We ran a few batches, which I pre screened for lead, and they came out well. To be sure we sent it out to LeDoux for an ICP and it came back .9996, the second days lot came out .9997. Considering silver has to be .999 for sale they're still in good shape.

The thing I'm most surprised at is the low silver content of the scrap they are getting which is supposedly sterling silver. The best assay is 90%, down to 85 on some bars. Unfortunately that level of copper eliminates a silver cell as an alternative.

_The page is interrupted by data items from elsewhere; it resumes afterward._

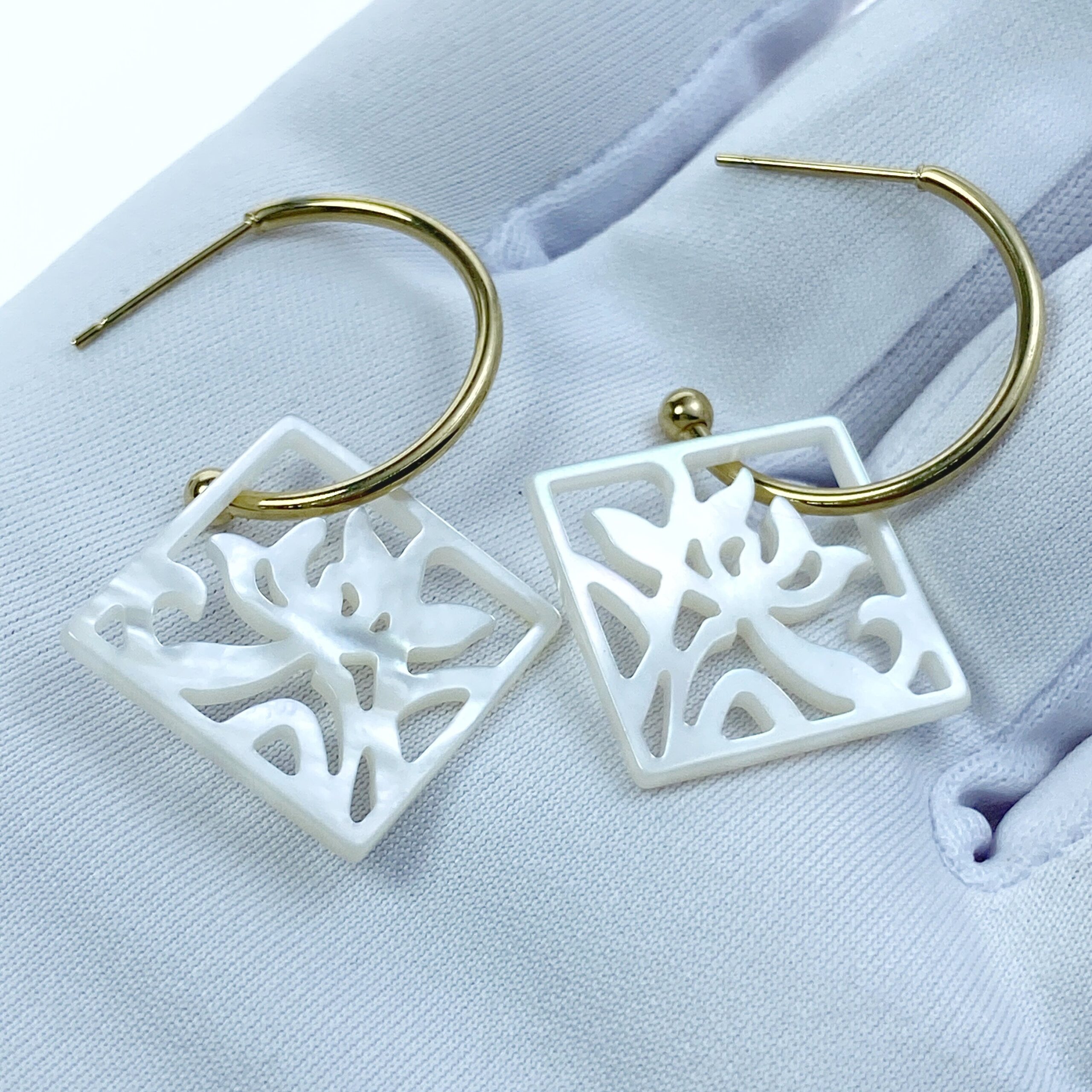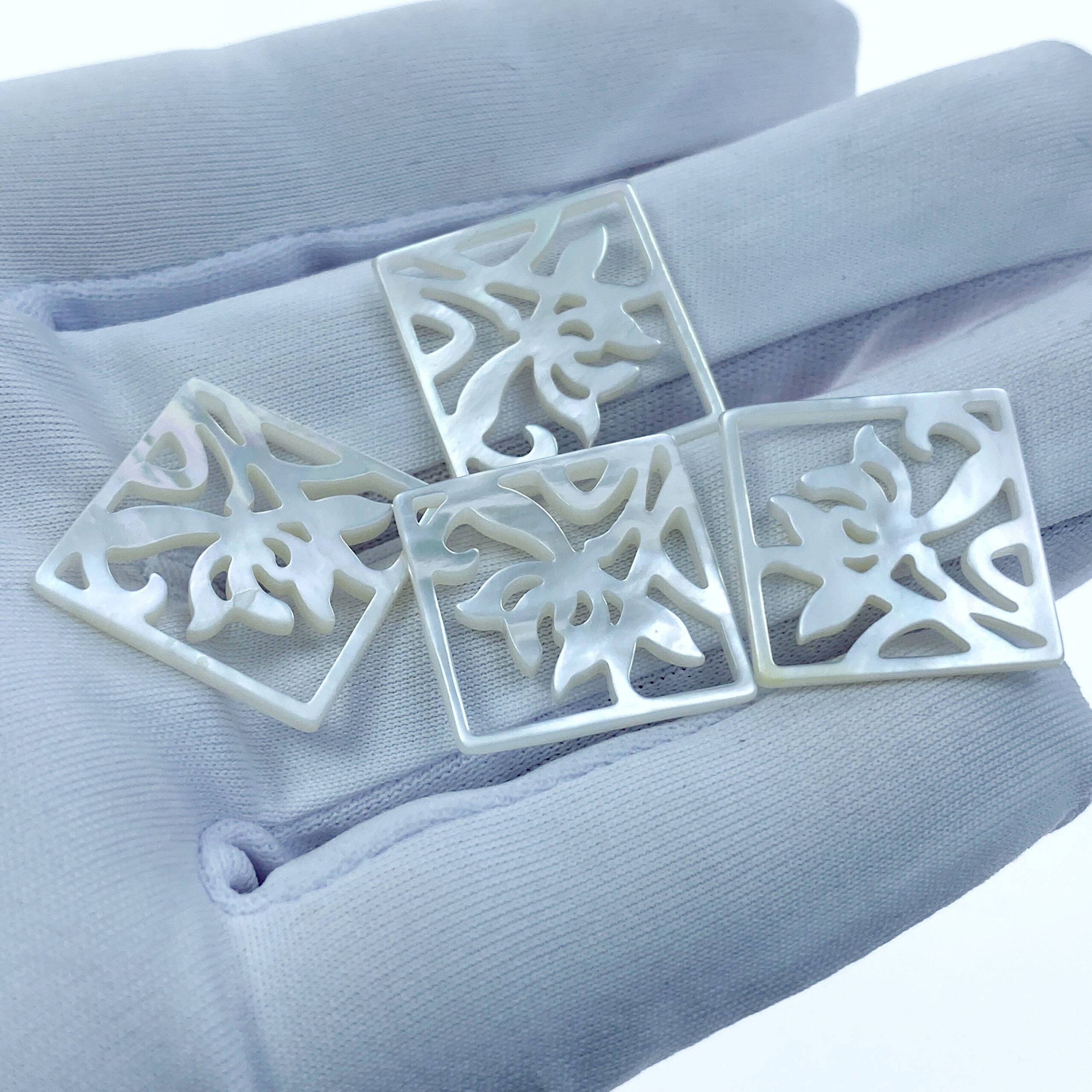 Beautiful white mother of pearl beads are hand carved using fully organic raw materials. All natural product, all pieces are as singular and unique as you.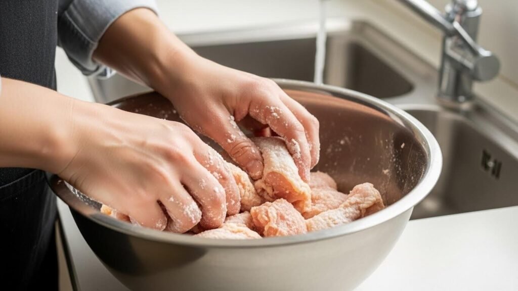 - 마사지: 씻은 닭에 소금(1)+밀가루(1)를 넣고 조물조물 힘줘서 문질러 주세요. (밀가루가 잡내와 불순물을 흡착합니다!)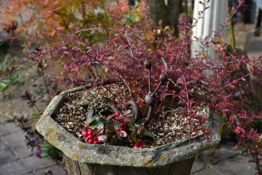 ウンナンイソサンショウの紅葉と大実ヤブコウジです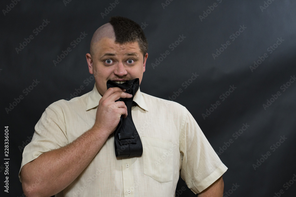 Punk. Dark tie partially bitten in the mouth. On the face of indignation and resentment. Nervous breakdown.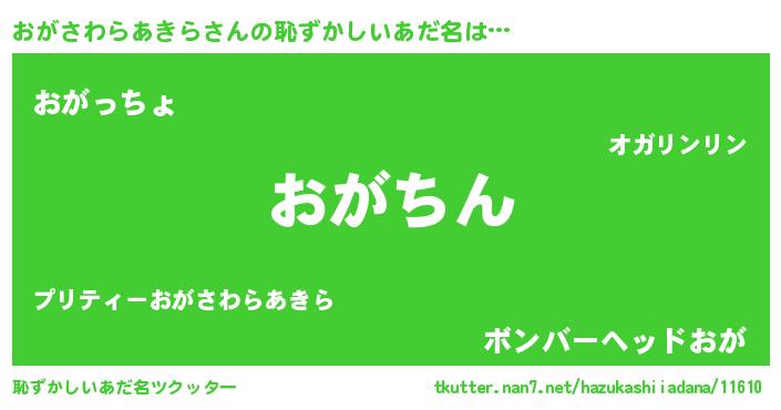 | 意味不明あだ名 | 『永久保存おがさわらあきら』 |

We cleaned up the lead contaminated silver by digesting it, dropping it as a chloride, hot water leached the lead, and reduced the chloride with sugar. The bar now had no traces of lead and it was processed by the formate method for sale.
 
I'm testing the method as we speak using analysis grade sodium formate and silver nitrate. Seems to give a very pleasant light grey powder.
 
Funny enough, I still haven't gotten around to the formate reduction.

I really don't like the Karo Syrup/aldose method all that much despite the inherent advantage that it is arguably one of the most selective ways to get pure silver.
Something about dissolving, Cu cementing, and the Thum cell is very attractive... ah yes, no silver chloride!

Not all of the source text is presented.